Bug 1386507

Summary: [RFE] better logging of cluster version upgrade failures
Product: Red Hat Enterprise Virtualization Manager Reporter: Marcus West <mwest>
Component: ovirt-engineAssignee: Shmuel Melamud <smelamud>
Status: CLOSED ERRATA QA Contact: sefi litmanovich <slitmano>
Severity: low Docs Contact:
Priority: unspecified    
Version: 4.0.3CC: gklein, lsurette, mavital, mgoldboi, michal.skrivanek, rbalakri, Rhev-m-bugs, smelamud, srevivo, tjelinek, ykaul
Target Milestone: ovirt-4.1.0-alphaKeywords: FutureFeature
Target Release: ---Flags: gklein: testing_plan_complete+
Hardware: All   
OS: Linux   
Whiteboard:
Fixed In Version: Doc Type: If docs needed, set a value
Doc Text:
Story Points: ---
Clone Of: Environment:
Last Closed: 2017-04-25 00:55:25 UTC Type: Bug
Regression: --- Mount Type: ---
Documentation: --- CRM:
Verified Versions: Category: ---
oVirt Team: Virt RHEL 7.3 requirements from Atomic Host:
Cloudforms Team: --- Target Upstream Version:
Embargoed:

Description Marcus West 2016-10-19 07:00:35 UTC
## Description of problem:

An invalid timezone setting for a single VM can cause cluster compatibility upgrade to not work.  The logs do not clearly indicate the problem VM

## Version-Release number of selected component (if applicable):

rhevm-4.0.4.4-0.1.el7ev.noarch

## How reproducible:

always

## Steps to Reproduce:
1. create a 3.6 DC/cluster, and VM's
2. change one of the VM's timezone to '' (vm_static, time_zone)

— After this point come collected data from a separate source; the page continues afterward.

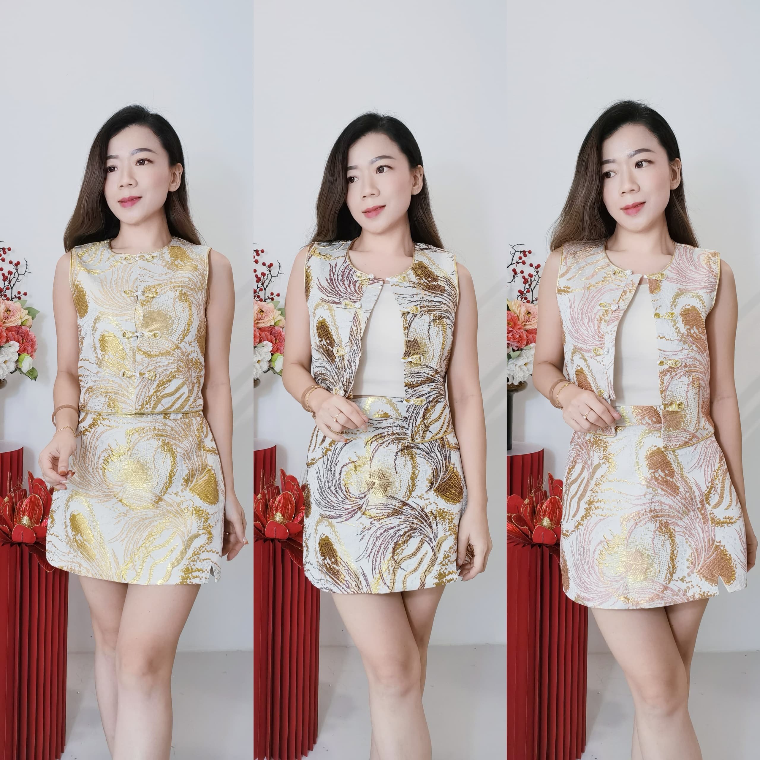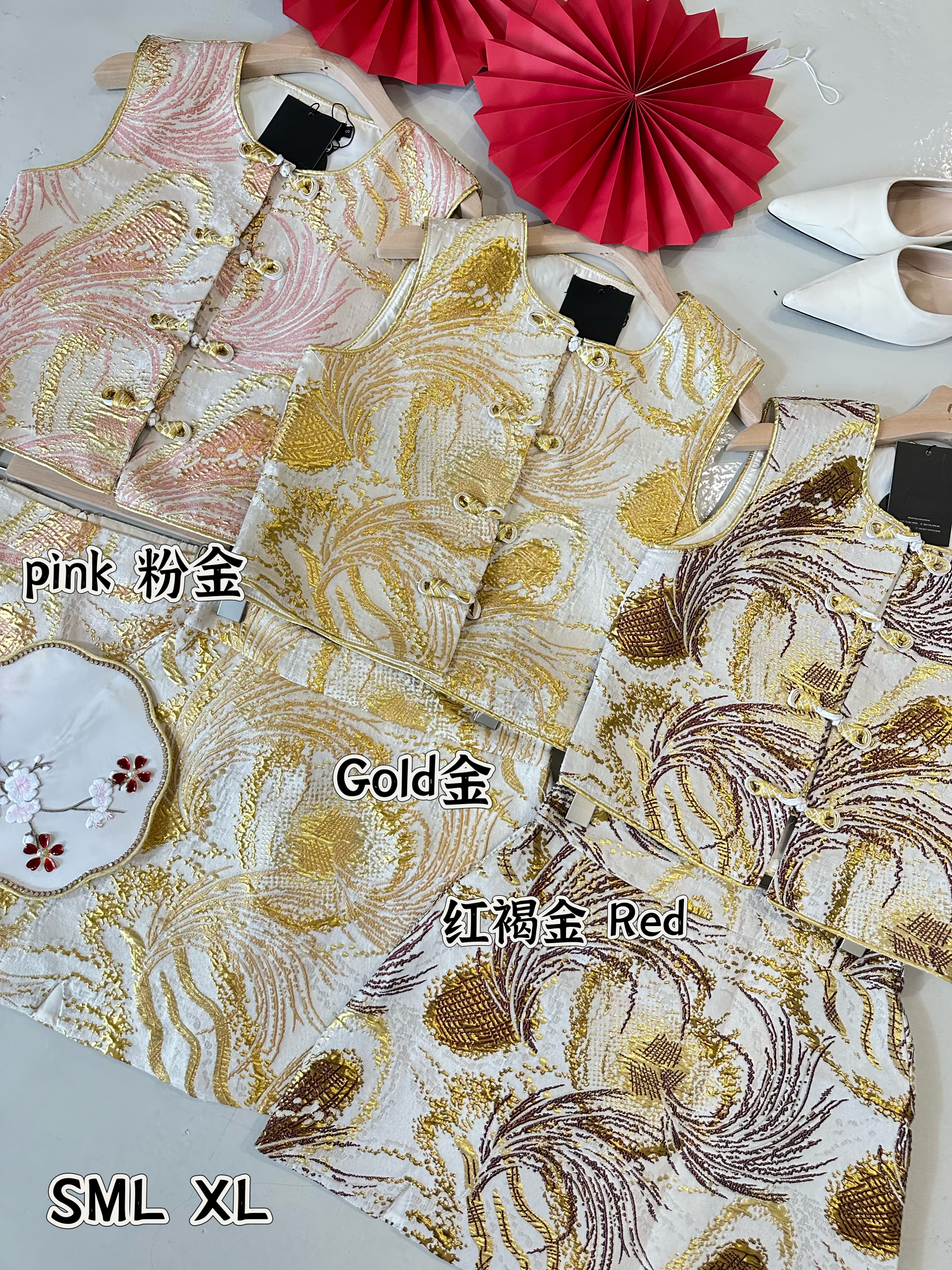 新品推荐 ✨🧧高定新中式刺绣金丝提花套装✨ 颜色:金、粉、褐红 高级重工艺高级提花面料 、无弹性 、 金光闪闪 颜色鲜美😘 裤裙腰围部分做平口弹性申塑 有弹性 穿起来更舒服👍 S SIZE 胸围 84cm 长43cm 腰围68cm 臀96cm 长38cm M SIZE 胸围 90cm 长44cm 腰围 72cm 臀104cm 长40cm L SIZE 胸围 96cm 长46cm 腰围 76cm 臀110cm 长40cm XL SIZE 胸围 100cm 长46cm 腰围 80cm 臀114cm 长41cm p/s : 博主平时穿S,这款穿S舒服☺️ 供参考
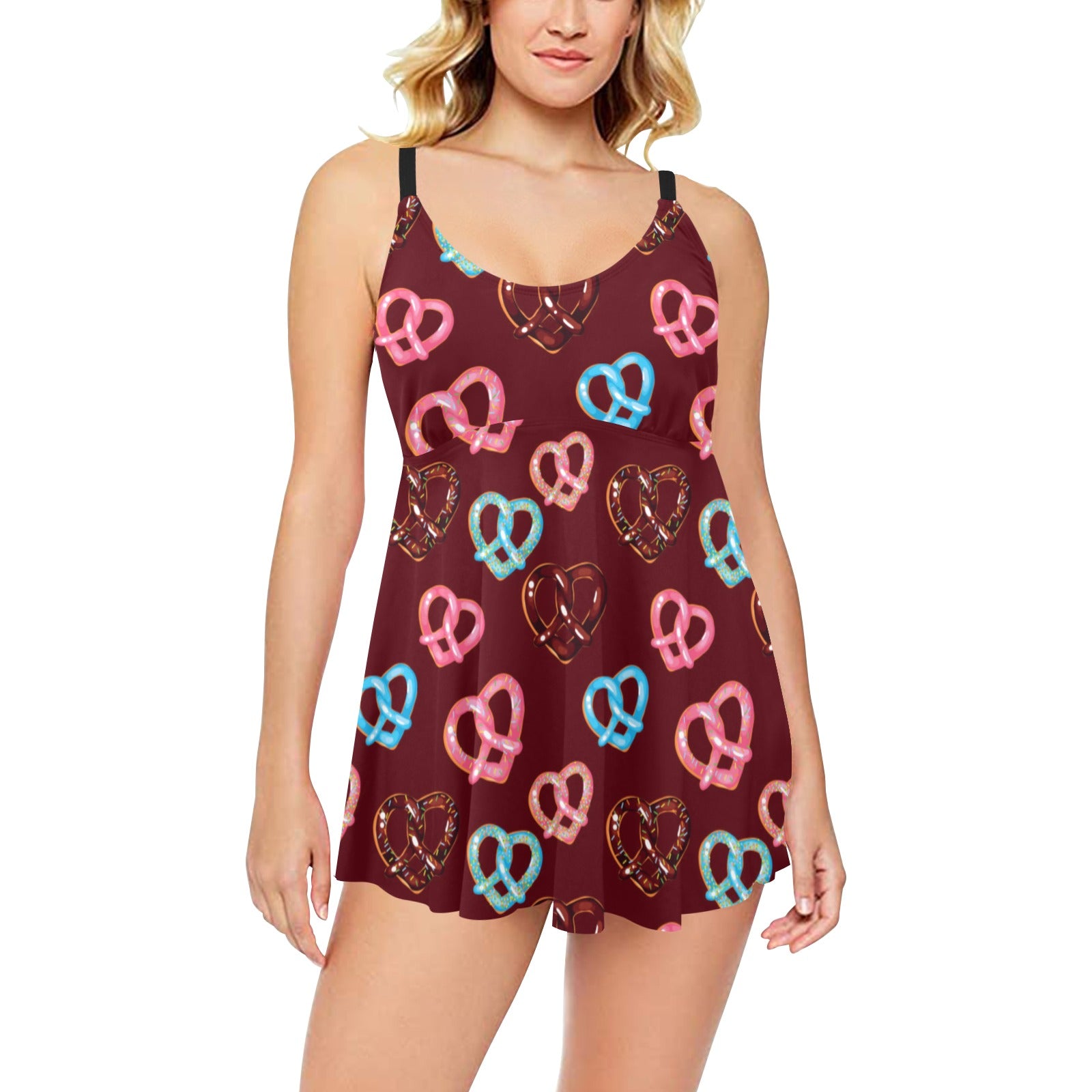 Pretzels Pattern Print Design 05 Chest Sexy Pleated Two Piece Swim Dress
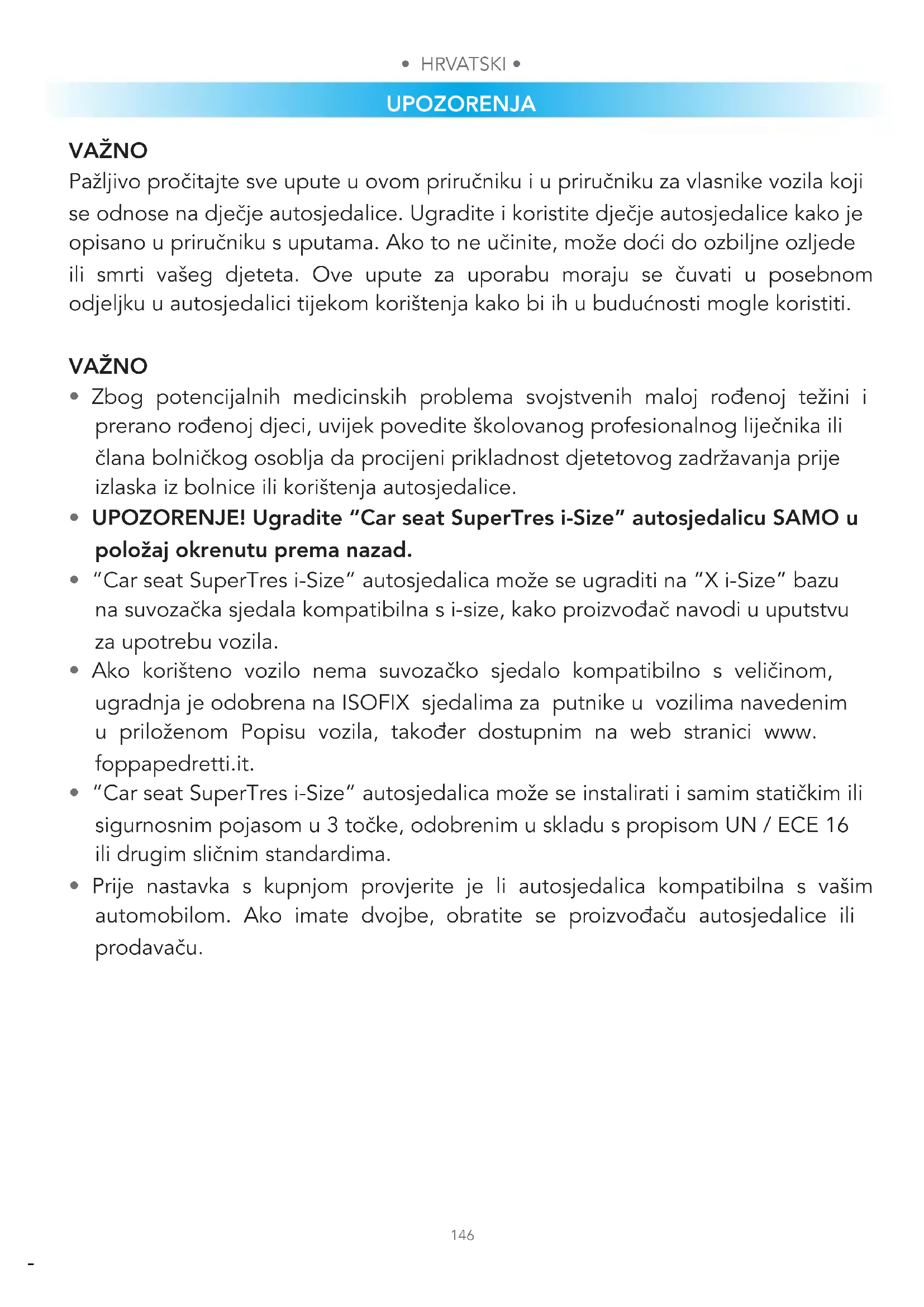 - Ako korišteno vozilo nema suvozačko sjedalo kompatibilno s veličinom, ugradnja je odobrena na ISOFIX sjedalima za putnike u vozilima navedenim u priloženom Popisu vozila, također dostupnim na web stranici www. foppapedretti.it.
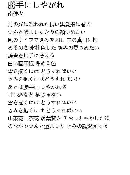 | 風のナイフできみを刺し 雪の真白に埋 | |
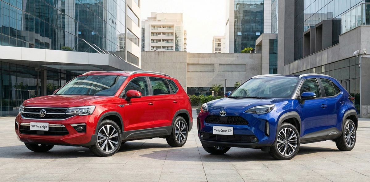 VW Tera High vs Toyota Yaris Cross XR. Comparamos preços oficiais de 2026, motorização, espaço e itens de série para você decidir
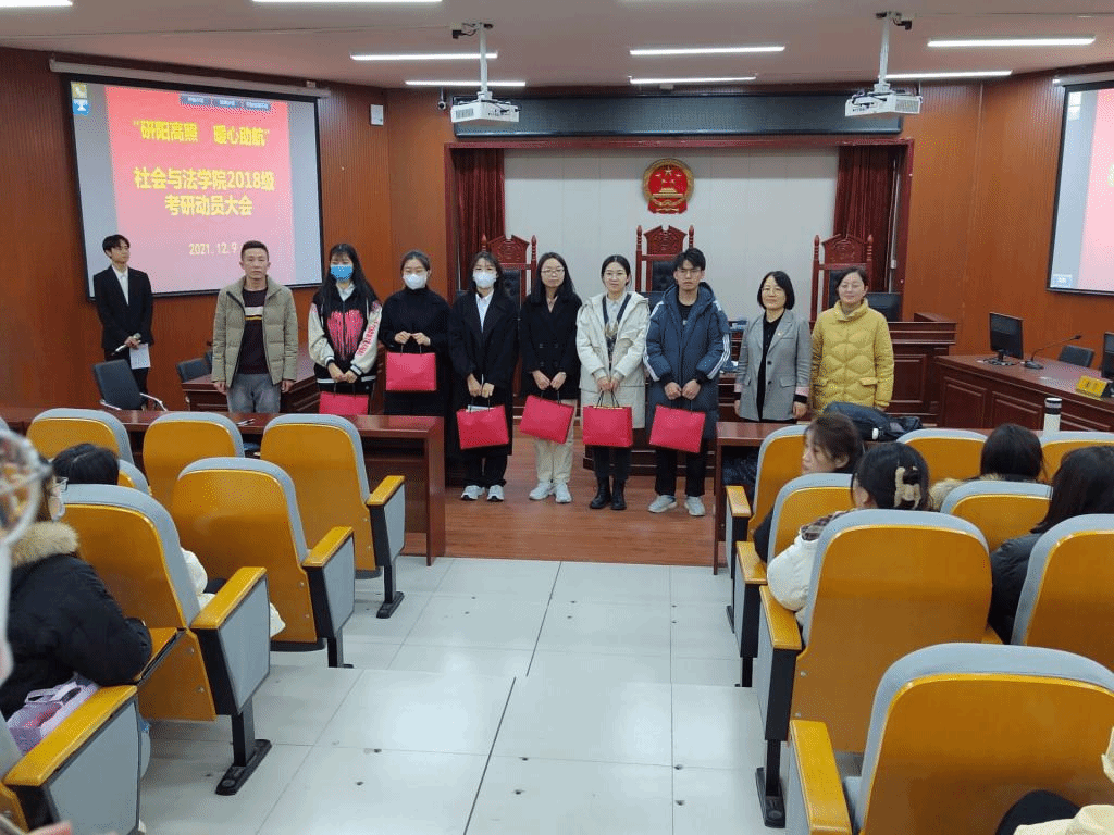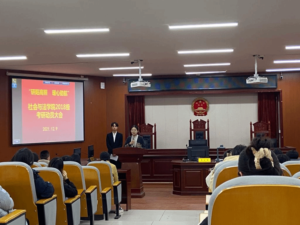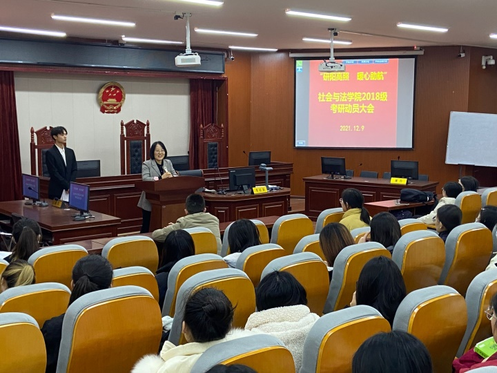 2021年12月9日下午,社会与法学院在博文楼110模拟法庭成功举行了2018级考研考前动员大会。大会以“研阳高照 暖心护航”为主题,学院党委副书记吴玉霞、辅导员刘汝婷、韦钦昊及2018级考研学生参加了本次大会。

engine=# select vm_name, vm_guid, os, time_zone from vm_static where cluster_id = 'f0f30779-6e8b-46e8-8689-9fd46cea220b' order by vm_name;
  vm_name   |               vm_guid                | os |     time_zone     
------------+--------------------------------------+----+-------------------
 linux-test | 0dbf06c6-2734-4d72-84ee-30d7dc230c56 |  5 | Etc/GMT
 rhel6-test | 5d5fe9fe-3e70-4a22-9cdc-d6c8c8f9694f | 19 | Etc/GMT
 rhel7-test | 12c43e79-648a-4c7f-a0a7-54a7a6be9e7f | 24 | 
 win-test   | b57eb0c7-f933-4a23-aff8-1ed6424ff0ed | 25 | GMT Standard Time

3.

## Actual results:

From the gui, action fails with error:

"Error while executing action Edit Cluster properties: Internal Engine Error"

## Expected results:

GUI (or logs) should report specifically which VM is in error.

## Additional info:

I don't have a reproducer for creating a VM with an invalid timezone.  Not sure how the customer managed to achieve it, but we spent several hours messing around with the wrong VM's in an attempt to isolate the problem.

In larger environments (with a mix of Linux and other OS's), it may be difficult to see which ones are 'invalid'

Comment 2 sefi litmanovich 2016-11-22 13:26:32 UTC
So far I had a look at this feature in the nightly build.
There is some more information, but not sure if it might be enough to satisfy the request for pin pointing the problem and pointing to the problematic vm.
e.g. I forced some invalid string in DB for vm's time_zone and try to upgrade the cluster I get:

Error while executing action:

    Cannot edit Cluster. Invalid time zone for given OS type.
    Attribute: vmStatic

While this does add the real reason to the message, if I had 200 VMs in my env I'd have a hard time figuring which one had caused the problem.
I can figure that out by this line in engine.log, but I'm thinking it's not enough, open for a discussion about it.

2016-11-22 14:10:27,854 INFO  [org.ovirt.engine.core.bll.UpdateClusterCommand] (default task-12) [28807589] Lock freed to object 'EngineLock:{exclusiveLocks='null', sharedLocks='[{faulty_vm's_id}=<VM, ACTION_TYPE_FAILED_CLUSTER_IS_BEING_UPDATED$clusterName another-clust>]'}'

As this RFE doesn't hold many cases, I'm adding 1 case to check that an error in upgrade cluster doesn't produce Internal Error message - please review this case once I upload the link to polarion in here and tell me if you think I need to add more cases.

Comment 4 sefi litmanovich 2017-02-02 12:05:03 UTC
Verifying based on my comment #2 and attached test case.
Opening a new RFE - https://bugzilla.redhat.com/show_bug.cgi?id=1418641
for more specific information in logging as I understand that my request from comment #2 will not be easily implemented within the scope of this RFE.